Firstly, laboratory experiments have a high level of internal validity as they are conducted in a controlled environment in which the experimenter is responsible for manipulating the variables. Because of the controlled environment it is also easy to replicate the experiment as there are usually standardised procedures in place, and as we all know replication is an important aspect of a science. And what about cause and effect? Well laboratory experiments are much better at showing us cause and effect relationships than natural experiments as the control over variables means that there are less extraneous variables present. But now for the bad bits…

The Craik and Lockhart study has been criticised as lacking validity and representativeness. This is mainly because the study has internal validity, which is good, but as a result it lacks external and ecological validity- thus making it difficult to generalise outside of the laboratory setting. Generalisation issues also occur because it may be difficult to operationalise certain variables. For example Craik and Lockhart were interested in the “depth of processing”* however something that may be seen as deep by one individual may actually only require shallow processing in another. Laboratory experiments can also be criticised on the grounds that.

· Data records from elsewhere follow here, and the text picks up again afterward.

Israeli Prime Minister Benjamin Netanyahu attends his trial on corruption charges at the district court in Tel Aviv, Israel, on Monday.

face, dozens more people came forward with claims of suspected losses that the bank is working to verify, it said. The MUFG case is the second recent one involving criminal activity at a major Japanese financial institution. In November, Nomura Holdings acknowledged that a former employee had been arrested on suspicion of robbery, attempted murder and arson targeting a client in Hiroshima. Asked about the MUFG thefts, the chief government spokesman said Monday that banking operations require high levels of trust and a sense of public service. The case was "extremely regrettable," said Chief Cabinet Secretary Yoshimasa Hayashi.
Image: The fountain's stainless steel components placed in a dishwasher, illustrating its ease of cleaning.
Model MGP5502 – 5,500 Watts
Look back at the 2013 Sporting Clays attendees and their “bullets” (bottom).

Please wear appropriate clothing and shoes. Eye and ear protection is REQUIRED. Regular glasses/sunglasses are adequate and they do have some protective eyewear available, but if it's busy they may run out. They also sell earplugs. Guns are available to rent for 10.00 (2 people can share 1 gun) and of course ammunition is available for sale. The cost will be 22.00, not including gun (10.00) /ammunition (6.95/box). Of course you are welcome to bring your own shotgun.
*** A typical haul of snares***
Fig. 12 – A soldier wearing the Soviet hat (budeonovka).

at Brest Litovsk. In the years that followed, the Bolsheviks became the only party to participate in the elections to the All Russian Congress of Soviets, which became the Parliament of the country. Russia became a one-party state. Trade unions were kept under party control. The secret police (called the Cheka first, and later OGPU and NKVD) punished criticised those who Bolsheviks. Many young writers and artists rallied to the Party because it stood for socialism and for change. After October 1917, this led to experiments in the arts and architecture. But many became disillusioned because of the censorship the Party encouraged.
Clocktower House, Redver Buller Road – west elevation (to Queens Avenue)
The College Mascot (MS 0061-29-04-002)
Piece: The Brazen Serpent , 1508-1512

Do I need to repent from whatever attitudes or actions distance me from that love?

Laboratory experiments are good if we want to find out if one thing causes another. However as they are conducted in an ambiguous environment participants may not react how they would in real life. For example, testing reaction time in a laboratory may produce a different result than testing driving reaction times in real life.

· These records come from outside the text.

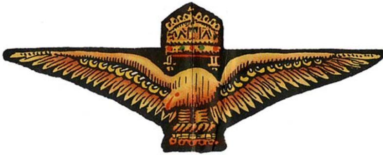
Pilot's Qualification Badge (left)
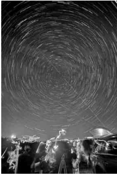
40 min star trail exposure showing rotation of the Earth, laser pointers and moving lights by the telescopes
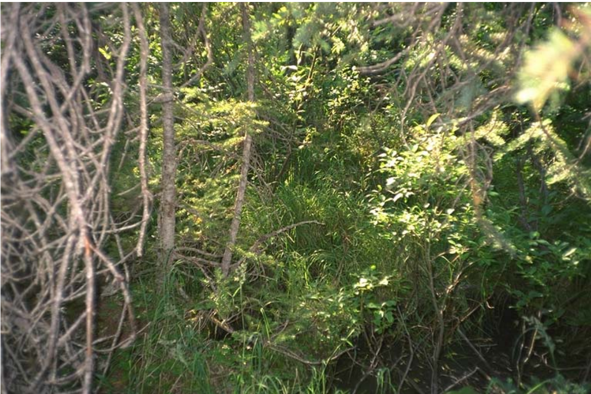
Direction of Photo: D CD #: 2 Image #: 32 Roll #: P2 Frame #: 4 Comment: View of site 100 metres upstream of wetland in reach 5.
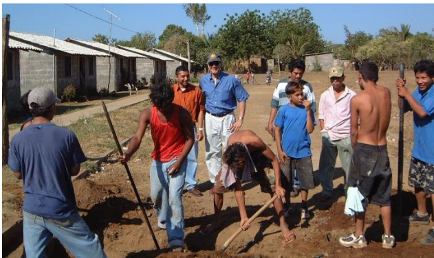
Execution of works: by involving the residents.
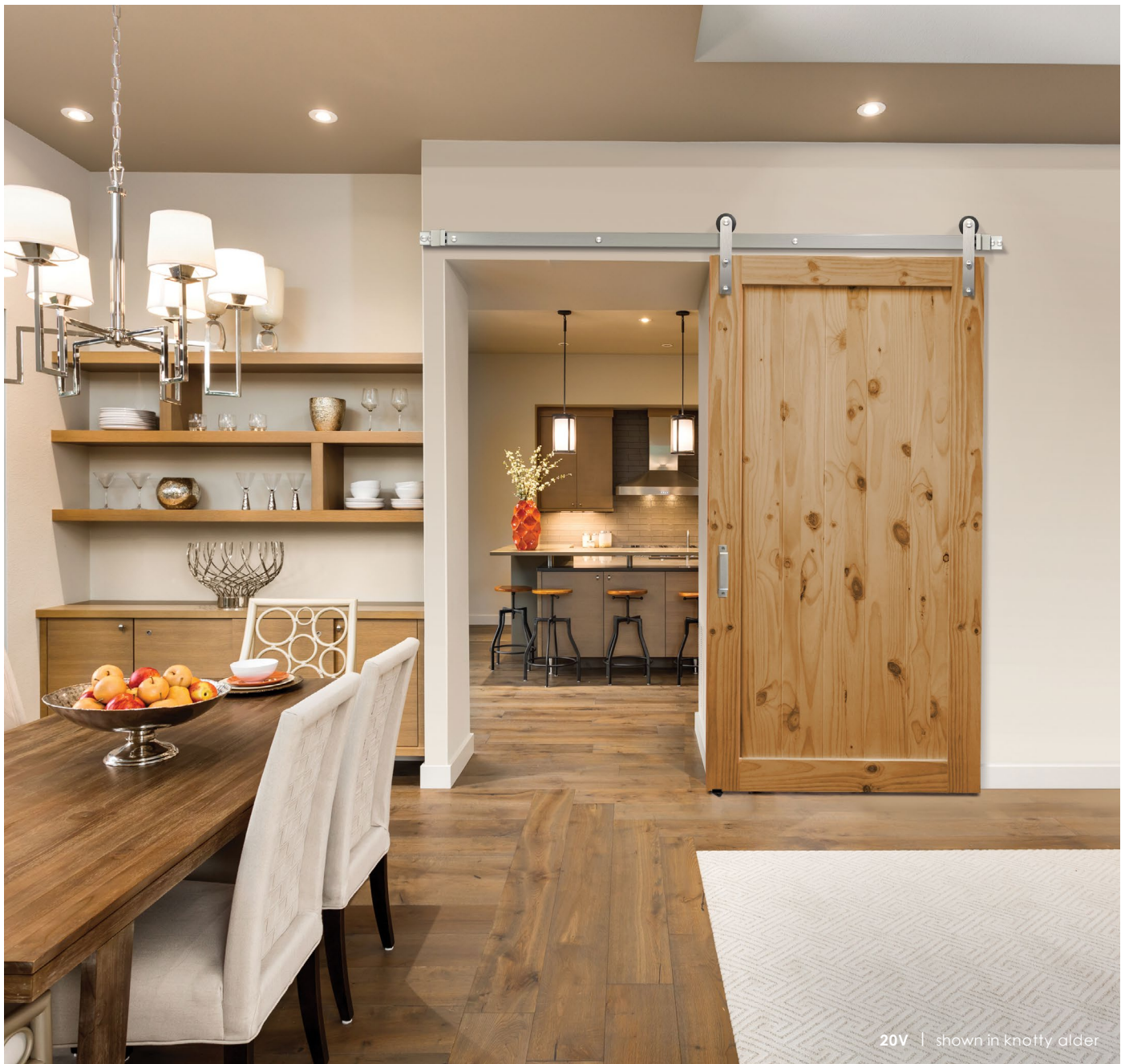
20V | shown in knotty alder

Turn any doorway into a statement by adding a sliding barn door. This versatile door style adds charm and character while making the most of your available space. Customize your barn door to match your style, whether you prefer the rustic look or a more minimalist aesthetic.
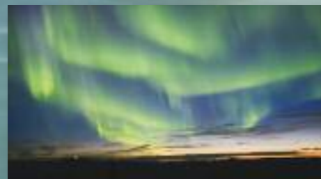
■ The Northern Lights
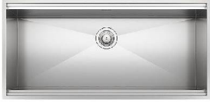
Sink Leonardo 40" x 20" – U/M 1015 660
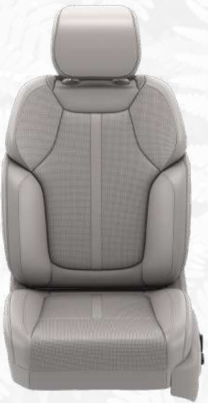
Ventilated Capri Leather-Trimmed with Axis II Perforations and Sea Salt/Basil Accent Stitching — Sea Salt/Global Black (Standard)
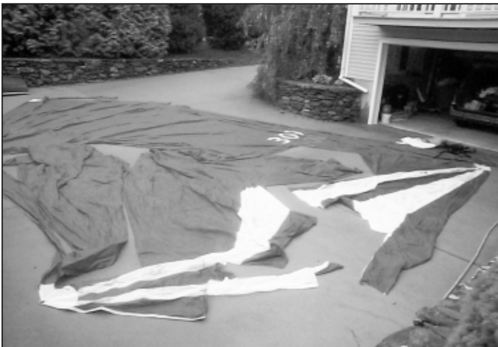
Nelson Weiderman's "babied" spinnaker, obviously at the end of its "ultimate" life.

Sails age and that is a fact of life. New sails will always be faster than old sails, but with proper care, you can make sure that you can get maximum performance life from your inventory.
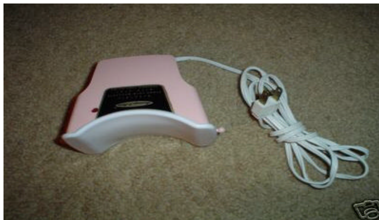
1960s Massage-O-Matic electric vibrating chin/neck massager with 2 speeds and heat, made by Songrand Corp. in Kansas City, MO.
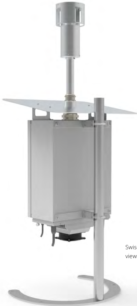
SwisensPoleno Mars rear view on post mount
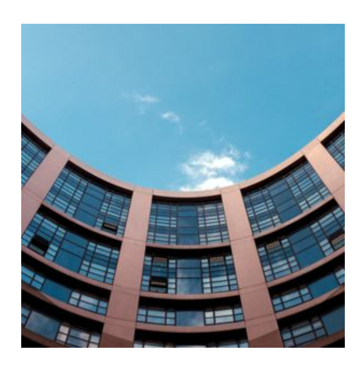
Debriefing of the June 2025 Plenary Session
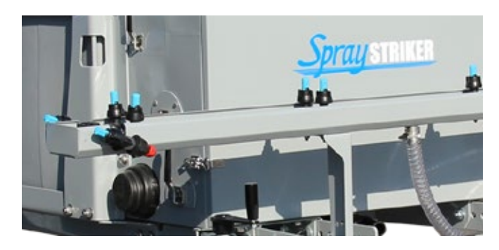
Double spray nozzles
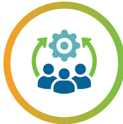
Access and Participation
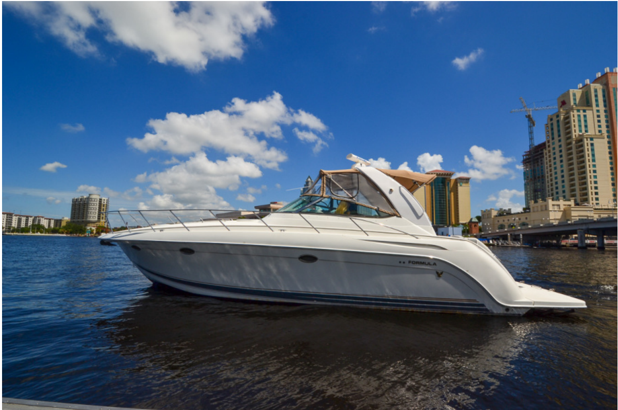
Formula 37 PC
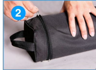
2. Open the bag like this
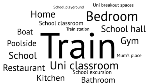
Figure 3. Settings where study participants ( n = 11 ) used their m-devices to participate in their PLNs. Note. The size of each word in this figure is commensurate with how often it was mentioned by PSTs in study data.

Exploiting the m-device's portability, the PSTs enjoyed high levels of agency over where and when they participated in their PLNs. They chose a range of settings and times to engage in their PLN, typically using their m-devices during in-between times, in both formal (e.g., university classrooms) but more typically informal contexts such as home and on public transport (Figure 3). For instance, Caroline mentioned in her focus group: "I find it really convenient. I've always got my phone on me. I am always using Facebook and Twitter and LinkedIn. I use it mainly on trains and at home."
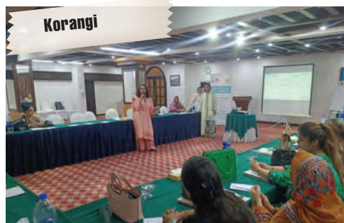
Korangi Refresher training of medical staff on advanced FP methods and counselling skills
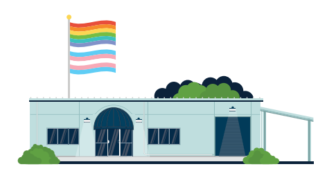
ADMIN & DONATION CENTER 832 Virginia Run Cove
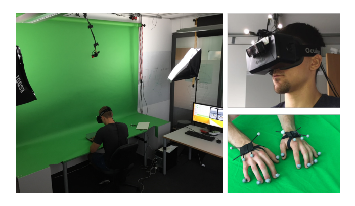
Figure 3: Left: Setup with green keying, tracking system and external lighting. Top right: HMD with external camera and tracking fiducial. Bottom right: fiducials used for tracking the hands in the IKHAND condition.
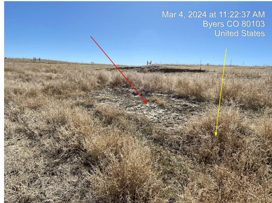
Photo 7. Photo taken facing west of pad reclamation area of vegetation and weeds (russian thistle, bull thistle & kochia). Weeds indicated by yellow arrow.

Mar 4, 2024 at 11:22:37 AM Byers CO 80103 United States

Before I rant on about lab experiments forever (you can probably tell I’m not a fan of them in psychology) let’s discuss natural experiments.

Instead of manipulating the independent variables in a lab experiment, a natural experiment looks for naturally occurring variables in the environment. For example, comparing the school grades of boys with those of girls would be a natural experiment as no variables have been manipulated, researchers are simply comparing what they have available in front of them. However, many people suggest that natural experiments are not true experiments as there is no control over extraneous variables and if participants are not aware that they are being observed is it really ethical? I suppose you could argue that as participants are none the wiser they are not going to come to any harm and therefore don’t really need to consent to take part.

Also, natural experiments are pretty cheap and easy to conduct. There are many naturally occurring events that psychologists are able to study through natural experiments. For example, in the case of Oxana** – a young girl who was left out with the dogs in the garden at her parent’s house when she was a child and began to behave like them, barking instead of talking and walking on all fours instead of upright – it would be incredibly unethical to put a child in this situation to study. However, psychologists were able to study her behaviour through the naturally occurring event and apply it to prior knowledge they had about nurture in a child’s environment and behaviour.

I guess you can say that lab and natural experiments have their positives and also their negatives. You have to think, lab experiments may be more scientific but in psychology the findings from them are often not as representative as they could be. And whilst natural experiments are more representative of everyday life they lack the control of lab experiments.